Records supplied =>
┏━━
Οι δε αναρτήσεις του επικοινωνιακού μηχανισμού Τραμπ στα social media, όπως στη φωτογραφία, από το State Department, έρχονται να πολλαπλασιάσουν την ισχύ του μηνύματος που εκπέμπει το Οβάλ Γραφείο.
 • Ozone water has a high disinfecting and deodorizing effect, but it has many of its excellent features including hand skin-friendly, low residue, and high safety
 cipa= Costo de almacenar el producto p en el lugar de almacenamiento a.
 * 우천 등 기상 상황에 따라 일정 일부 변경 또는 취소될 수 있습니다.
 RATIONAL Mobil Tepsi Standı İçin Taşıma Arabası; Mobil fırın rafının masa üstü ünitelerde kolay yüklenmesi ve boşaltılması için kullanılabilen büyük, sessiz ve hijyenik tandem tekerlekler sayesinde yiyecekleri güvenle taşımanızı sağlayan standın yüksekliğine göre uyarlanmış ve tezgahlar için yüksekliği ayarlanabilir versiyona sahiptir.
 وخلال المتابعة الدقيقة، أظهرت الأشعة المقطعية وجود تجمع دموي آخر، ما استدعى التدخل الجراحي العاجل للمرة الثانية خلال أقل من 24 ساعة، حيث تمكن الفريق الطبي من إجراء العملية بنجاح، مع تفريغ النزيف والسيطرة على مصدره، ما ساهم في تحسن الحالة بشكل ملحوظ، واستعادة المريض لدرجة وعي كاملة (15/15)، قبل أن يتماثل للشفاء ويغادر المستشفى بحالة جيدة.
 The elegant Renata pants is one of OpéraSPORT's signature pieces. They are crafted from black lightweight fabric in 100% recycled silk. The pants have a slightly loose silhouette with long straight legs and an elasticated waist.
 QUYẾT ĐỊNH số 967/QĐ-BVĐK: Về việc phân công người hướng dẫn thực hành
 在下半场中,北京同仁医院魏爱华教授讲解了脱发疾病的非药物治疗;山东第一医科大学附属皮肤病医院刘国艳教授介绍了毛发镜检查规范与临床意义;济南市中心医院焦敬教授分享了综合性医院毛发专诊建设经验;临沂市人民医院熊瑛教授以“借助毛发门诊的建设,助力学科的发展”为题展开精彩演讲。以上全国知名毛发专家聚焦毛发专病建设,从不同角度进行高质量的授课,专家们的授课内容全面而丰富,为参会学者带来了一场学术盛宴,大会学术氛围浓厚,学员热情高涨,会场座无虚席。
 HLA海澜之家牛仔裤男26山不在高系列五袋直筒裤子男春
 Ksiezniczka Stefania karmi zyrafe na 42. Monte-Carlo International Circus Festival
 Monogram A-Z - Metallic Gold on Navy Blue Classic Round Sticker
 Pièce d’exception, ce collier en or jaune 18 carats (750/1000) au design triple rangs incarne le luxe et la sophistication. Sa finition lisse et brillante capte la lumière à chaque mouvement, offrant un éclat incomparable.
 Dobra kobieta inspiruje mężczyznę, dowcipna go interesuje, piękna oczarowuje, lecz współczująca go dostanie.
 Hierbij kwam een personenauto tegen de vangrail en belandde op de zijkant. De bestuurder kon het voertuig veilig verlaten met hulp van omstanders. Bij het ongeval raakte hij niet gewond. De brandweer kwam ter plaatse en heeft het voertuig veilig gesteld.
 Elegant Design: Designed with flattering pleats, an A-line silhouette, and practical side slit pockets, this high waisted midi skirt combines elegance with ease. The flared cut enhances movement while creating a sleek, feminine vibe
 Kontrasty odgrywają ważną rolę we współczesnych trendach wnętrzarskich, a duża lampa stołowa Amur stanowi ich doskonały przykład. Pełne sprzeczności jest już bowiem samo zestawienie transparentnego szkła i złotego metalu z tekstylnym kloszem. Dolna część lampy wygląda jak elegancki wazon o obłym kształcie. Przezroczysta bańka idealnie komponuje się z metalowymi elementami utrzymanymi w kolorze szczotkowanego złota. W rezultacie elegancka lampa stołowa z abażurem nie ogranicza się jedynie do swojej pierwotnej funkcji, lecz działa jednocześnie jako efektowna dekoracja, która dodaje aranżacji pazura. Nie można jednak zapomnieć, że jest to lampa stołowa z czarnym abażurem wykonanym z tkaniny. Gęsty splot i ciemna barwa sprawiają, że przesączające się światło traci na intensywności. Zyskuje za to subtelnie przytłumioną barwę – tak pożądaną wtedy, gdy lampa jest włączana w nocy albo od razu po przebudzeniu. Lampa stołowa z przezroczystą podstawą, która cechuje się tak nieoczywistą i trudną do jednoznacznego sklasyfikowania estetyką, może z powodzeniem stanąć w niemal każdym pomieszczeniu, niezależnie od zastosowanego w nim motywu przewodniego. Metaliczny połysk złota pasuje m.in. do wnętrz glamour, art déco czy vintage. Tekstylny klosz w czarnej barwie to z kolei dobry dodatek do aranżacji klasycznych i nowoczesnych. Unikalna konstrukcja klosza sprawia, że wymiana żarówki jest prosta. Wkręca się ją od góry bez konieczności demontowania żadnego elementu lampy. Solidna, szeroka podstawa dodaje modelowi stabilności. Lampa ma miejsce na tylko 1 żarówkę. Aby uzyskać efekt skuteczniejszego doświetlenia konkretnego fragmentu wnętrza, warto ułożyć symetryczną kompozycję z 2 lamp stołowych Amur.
┗━━
Task directions => Copy out each line of the data that holds the string "with".

Solution =>
 The elegant Renata pants is one of OpéraSPORT's signature pieces. They are crafted from black lightweight fabric in 100% recycled silk. The pants have a slightly loose silhouette with long straight legs and an elasticated waist.
 Elegant Design: Designed with flattering pleats, an A-line silhouette, and practical side slit pockets, this high waisted midi skirt combines elegance with ease. The flared cut enhances movement while creating a sleek, feminine vibe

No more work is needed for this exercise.